(Collected data entries)
Start of Block

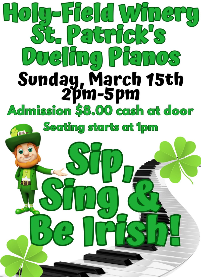 Sips, Songs and Shenanigans...Double the Pianos, Double the fun! Dennis & Tony go head to head on the keys, taking your requests and fueling a fun melodic showdown at Holy-Field Winery. You won't want to miss a single beat of the hilarity, musicality and fun.
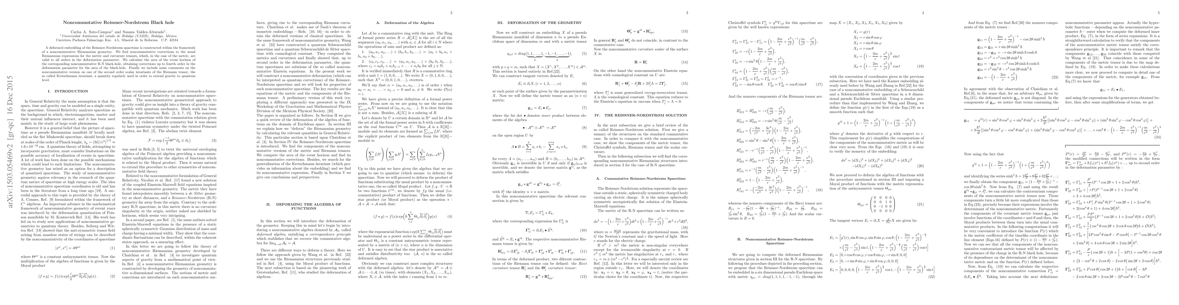 The paper presents a detailed construction of a noncommutative Reissner-Nordstrøm black hole, including the deformed metric, curvature tensors, and event horizon area with corrections.
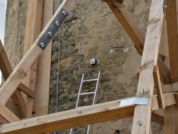 Experti na monitorovanie v TPI a 3gone zvážili túto výzvu a odporučili použitie bezdrôtového monitorovania Senceive na detekciu štrukturálnych pohybov v štyroch častiach hradu. Nainštalovali senzory trhlín na viditeľné povrchové trhliny. To poskytlo prehľad o vzore „normálneho“ cyklického pohybu spojeného so meniacimi sa poveternostnými podmienkami a umožnilo detekciu akýchkoľvek abnormálnych zmien mimo bežného vzoru.
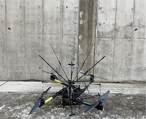 NTT developed a lightning protection cage design that prevents malfunction or damage even if the drone is directly struck by lightning. This cage, which can be mounted on commercially available drones, is made of conductive metal and functions as a shield. It redirects the high current from the lightning strike away from the drone's internal components, preventing it from flowing through the drone itself. Additionally, the cage is designed to distribute the lightning current radially, which cancels out the strong magnetic fields generated by the current and minimizes electromagnetic interference with the drone (Figure 5).
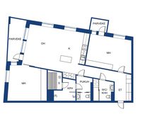 - Varusteet: Jääkaappi, erillinen pakastin, liesi, liesituuletin,
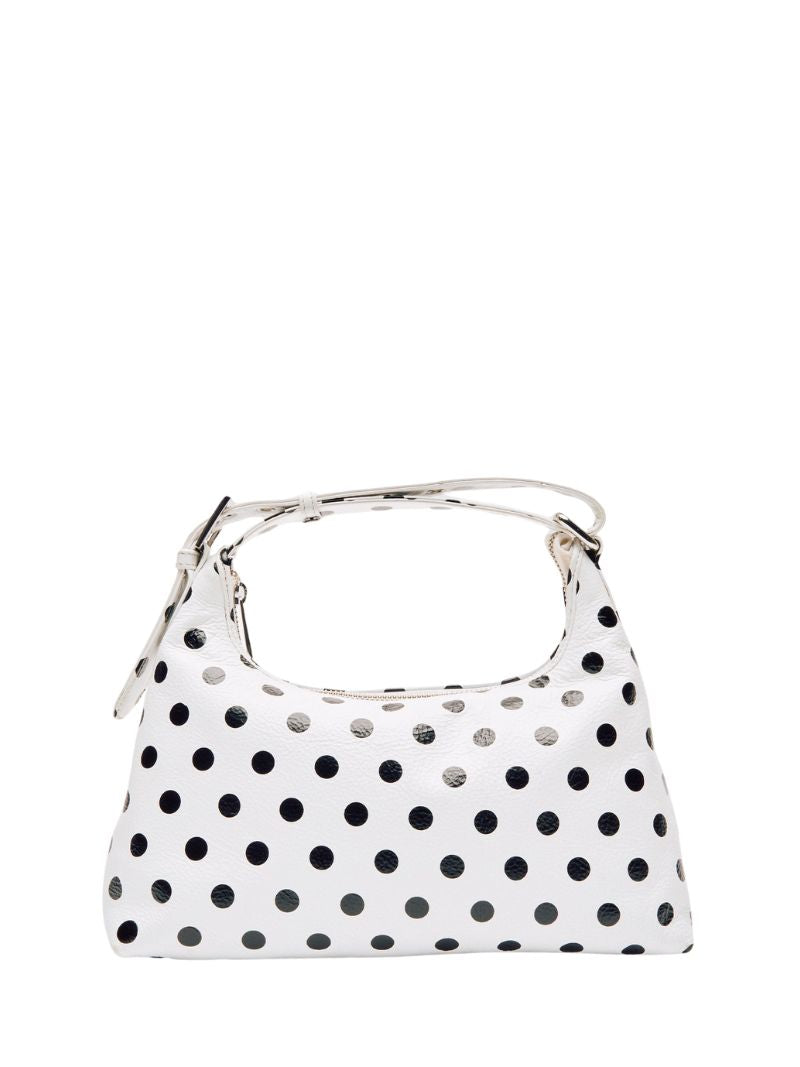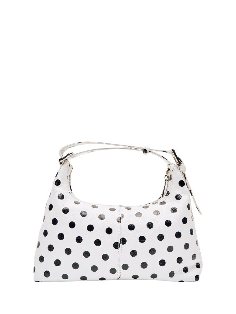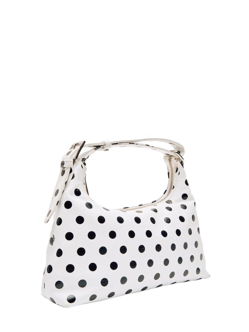 Bolso mediano de piel blanca con estampado de lunares negros, diseñado con detalles plateados en la cremallera y las hebillas.
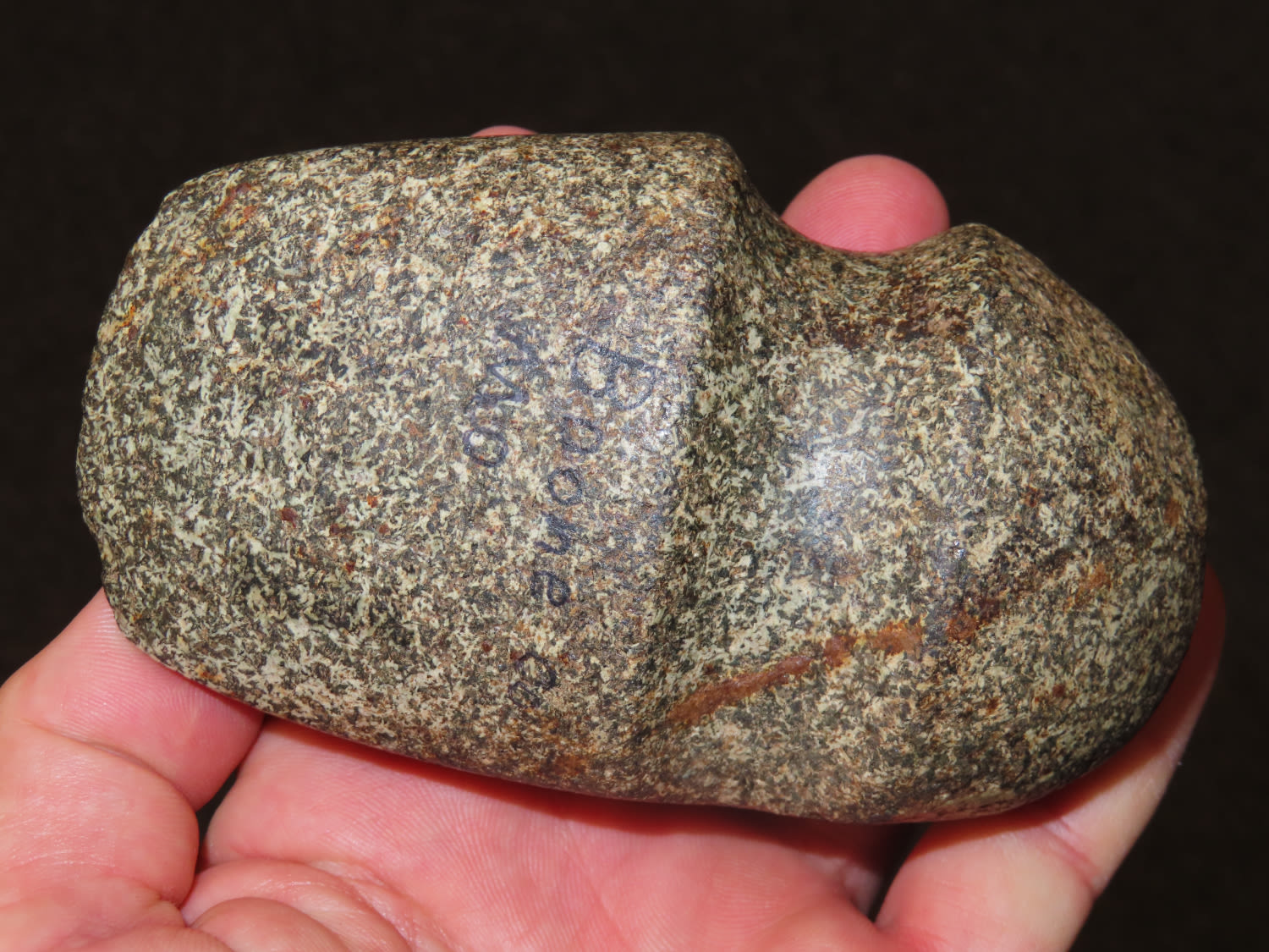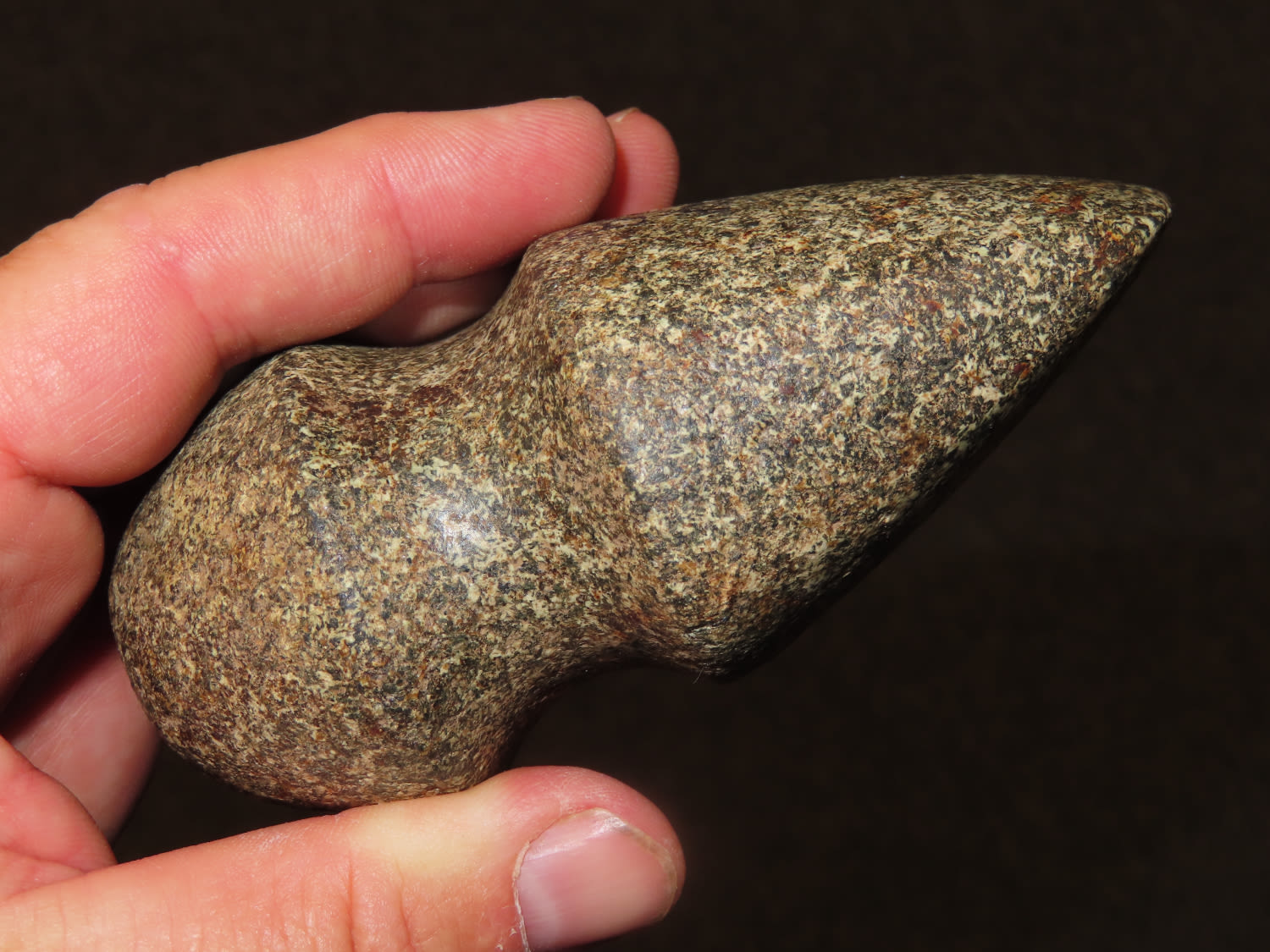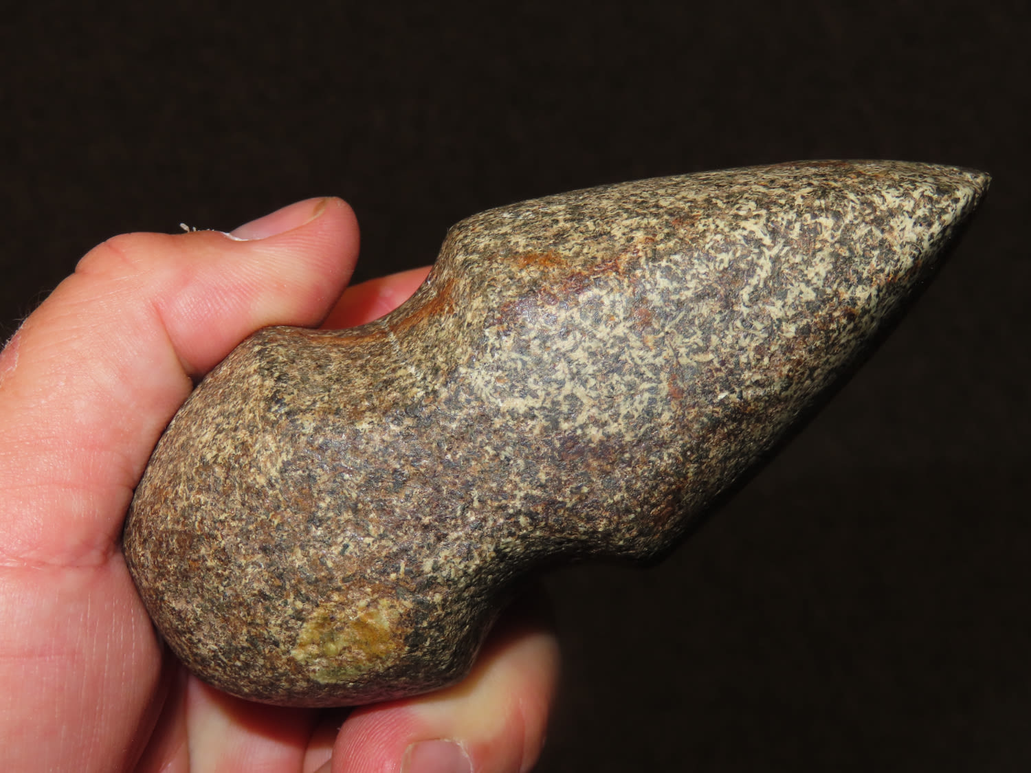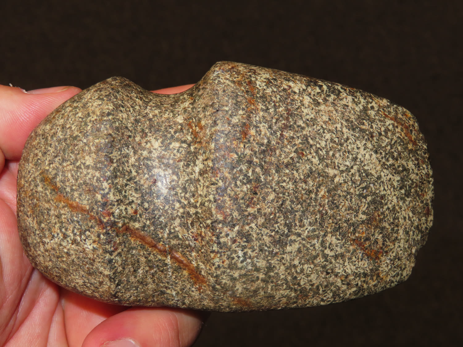 4 3/8″ quality 3/4 Groove Axe found in Boone County, Missouri, fine color and polish
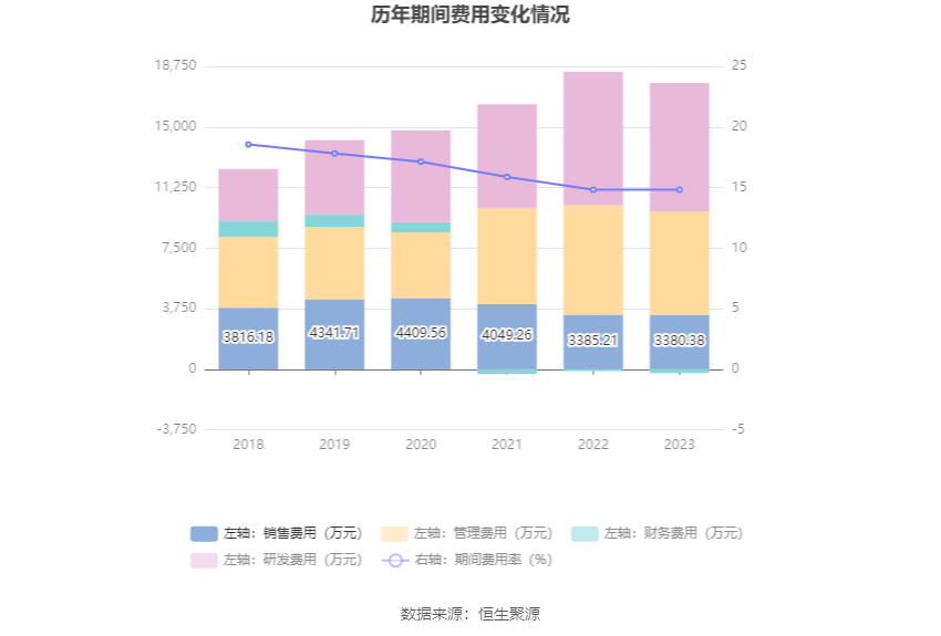 2023年,公司期间费用为1.75亿元,较上年同期减少825.45万元;期间费用率为14.82%,较上年同期持平。其中,销售费用同比下降0.14%,管理费用同比下降5.85%,研发费用同比下降3.65%,财务费用由去年同期的-104.19万元变为-227.11万元。
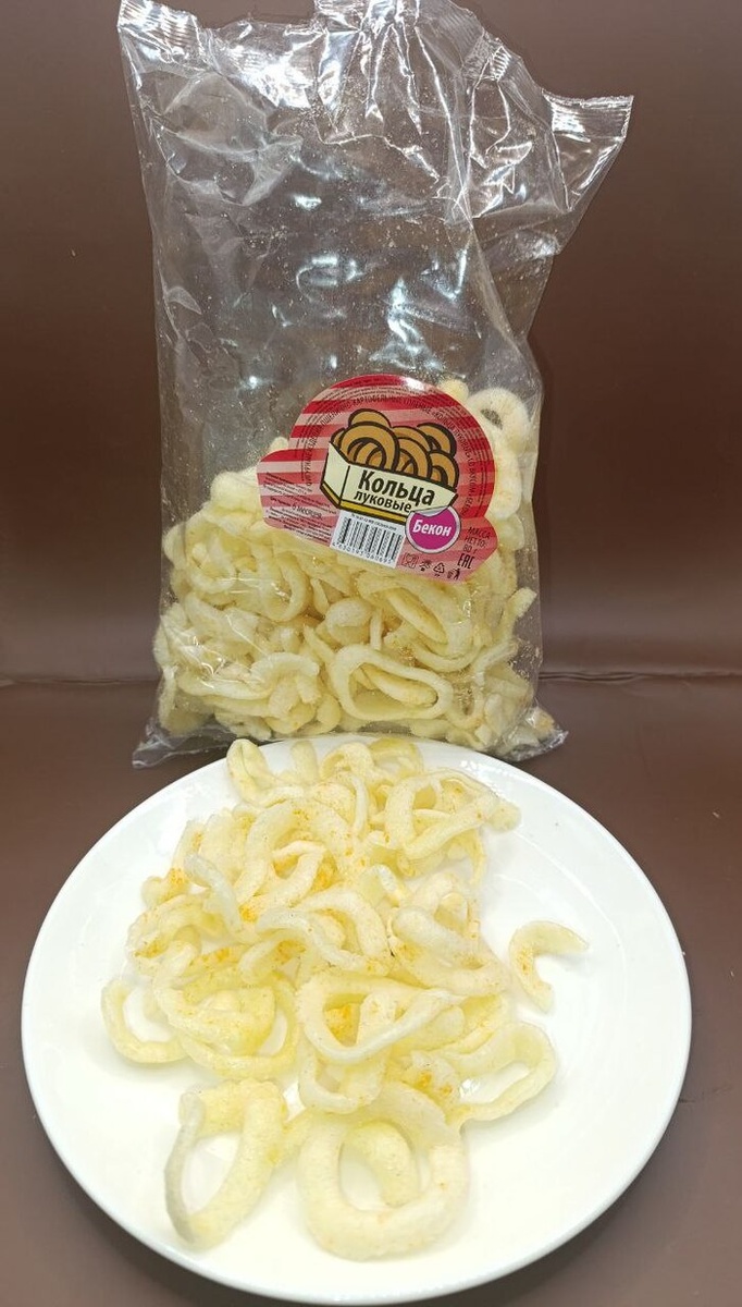 Не маленькая пачка, до верху заполненная чипсами, сами чипсы лёгкие, даже нежные, ароматизаторов сверху положили мало, поэтому советую класть в рот не по одному колечку, а сразу горсть, хоть где-то приправа да и попадётся. Это нормальный продукт за свои деньги, не ждите ярких красок как от "Лейс" рифлёного и всё будет хорошо.

End of Block

From the line that holds "2023年,公司期间费用为1" to the last line of the data, return those lines exactly and nothing else; both ends count, and pictures stay out.

 2023年,公司期间费用为1.75亿元,较上年同期减少825.45万元;期间费用率为14.82%,较上年同期持平。其中,销售费用同比下降0.14%,管理费用同比下降5.85%,研发费用同比下降3.65%,财务费用由去年同期的-104.19万元变为-227.11万元。
 Не маленькая пачка, до верху заполненная чипсами, сами чипсы лёгкие, даже нежные, ароматизаторов сверху положили мало, поэтому советую класть в рот не по одному колечку, а сразу горсть, хоть где-то приправа да и попадётся. Это нормальный продукт за свои деньги, не ждите ярких красок как от "Лейс" рифлёного и всё будет хорошо.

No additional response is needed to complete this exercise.